Мы выпили по последней рюмке водки, потому что это надо было отметить. Потом сели в машину, Русский завел мотор и сам тоже завелся. Он всегда начинал болтать, когда садился за руль.

Заявил, что мне пора завязывать со всем этим, что я вырос среди женщин, рядом всегда были мама, бабушка, тети, и все это наложило отпечаток на мое отношение к женщинам, я слишком застенчивый. Слишком их уважаю, отношусь к ним как к чему-то волшебному, а на самом деле они, как и все мы, а может и побольше нашего хотят просто перепихнуться.

Мы остановились на светофоре, поток красноречия Русского прервался.

– Ты понял? – Он явно ждал моего ответа.

– Да, – ответил я, потому что моя голова все равно кивала сама по себе.

Он сказал, что говорит мне такое ради моего же блага. Остановил машину у моего дома, перед закрытым супермаркетом.

– Не парься ты так, – сказал он, и, пока прикуривал сигарету, на лобовом стекле распустилось несколько капель.

Он сказал, что это мокрый снег.

Я уставился на капли. Попытался понять, из чего они состоят, но потом решил, что мне все равно.

– Пойду, – сказал я.

Вышел из машины и подошел к решетке, открыл сначала ее, потом дверь в квартиру. Разделся. Лег в кровать. Голова кружилась, и земля вместе с ней. Часы на телефоне показывали 5. 04. Я перевернулся на живот, чтобы остановить головокружение. Если ты спишь на животе, то не захлебнешься в собственной блевотине, а в мире и без того полно тех, кто умер, захлебнувшись в собственной блевотине, и у всех этих людей жизнь была поинтереснее моей. А еще я подумал, что если этой ночью умру, то это станет самой большой неудачей в моей жизни.


Я открыл глаза, сквозь жалюзи пробивался слабый свет. Я перевернулся под простыней и почувствовал, что голова кружится. За стеной мама возилась на кухне, гремел концерт из кастрюль и сковородок. Я встал. Зашел в туалет, яркий свет неоновой лампы на потолке заставил меня зажмуриться. Пописал сидя. Мое лицо в зеркале отсвечивало зеленым. Я зашел на кухню, в воздухе витали сильные запахи. На огне кипел соус, мама мешала его большой ложкой, держа в другой руке журнал. Я налил воды в стакан.

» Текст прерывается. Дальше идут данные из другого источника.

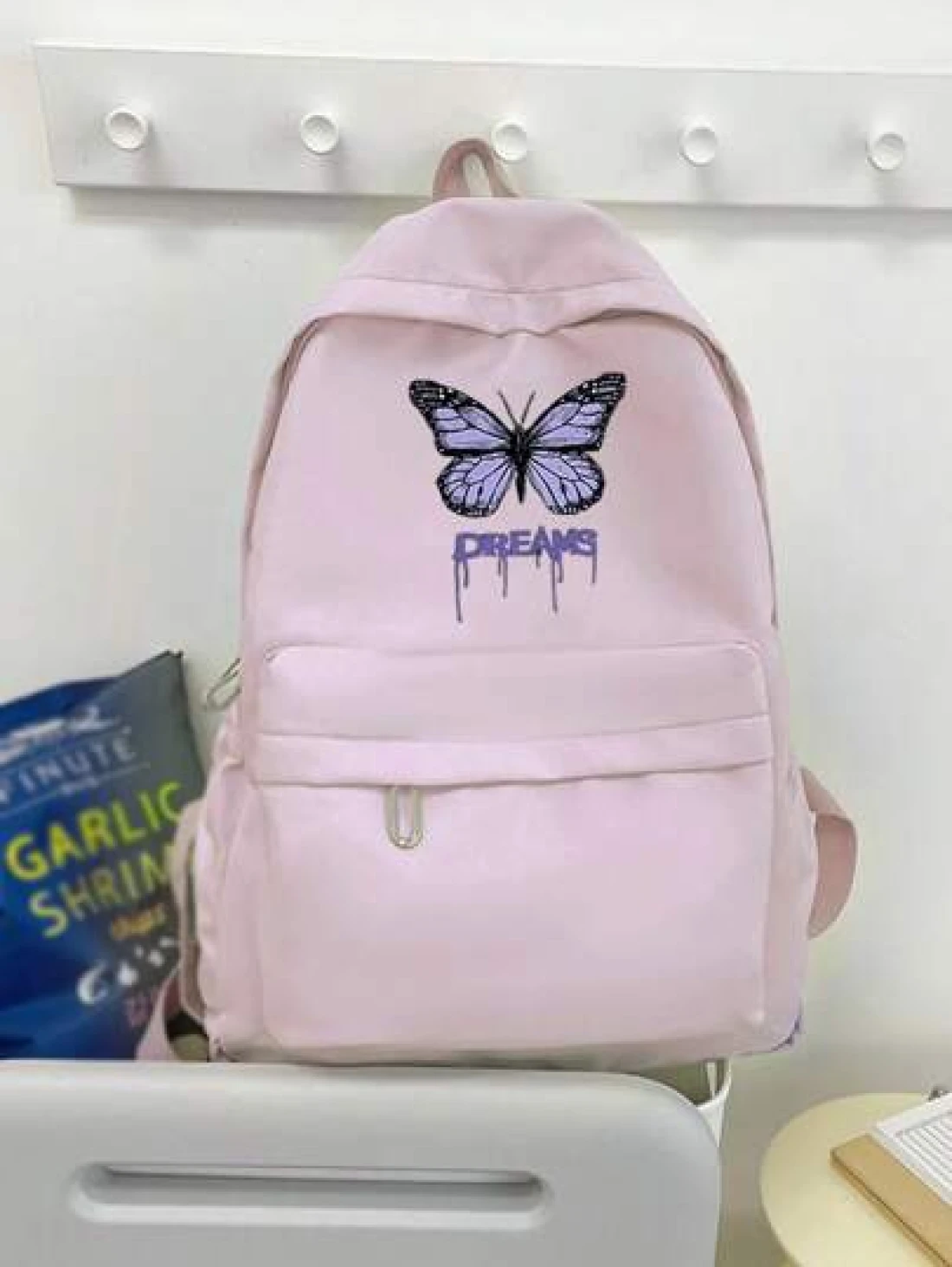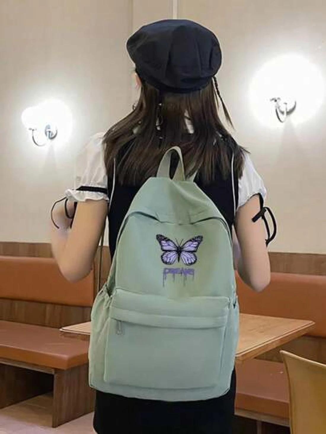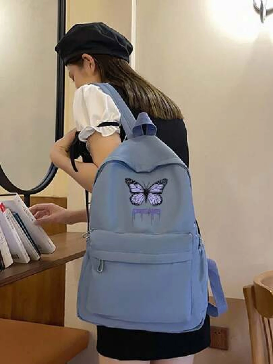 1 حقيبة ظهر للعودة إلى المدرسة، حقيبة بطبعة فراشة طازجة وحلوة، خفيفة الوزن وسعة كبيرة، مناسبة للدراسة اليومية

– Добрый день, – сказал я.

– Помойся и открой окно, от тебя воняет как в баре, – ответила она.

Я выпил воды и снова наполнил стакан: ничего нет лучше воды в воскресенье утром.

Я спросил, где отец, мама ответила, что он пошел на пробежку. Вода полилась в горло. Я поставил стакан на стол. Спросил, что мы будем есть, мама положила ложку на край кастрюли и направилась к двери.

– Ничего, есть нечего, – сказала она мне уже из коридора.

Я вернулся в комнату. Открыл окно и снова лег на кровать.

Завернулся в простыни, и мне почудилось, что я вдруг оказался в каком-то другом месте и теперь могу просто полежать в тишине и покое, что время тут остановилось, а скука и лень полностью оправданны.

Я проснулся от шума поднимающихся жалюзи и света, появившегося следом.

– Все готово, – сказала мама. – Иди за стол.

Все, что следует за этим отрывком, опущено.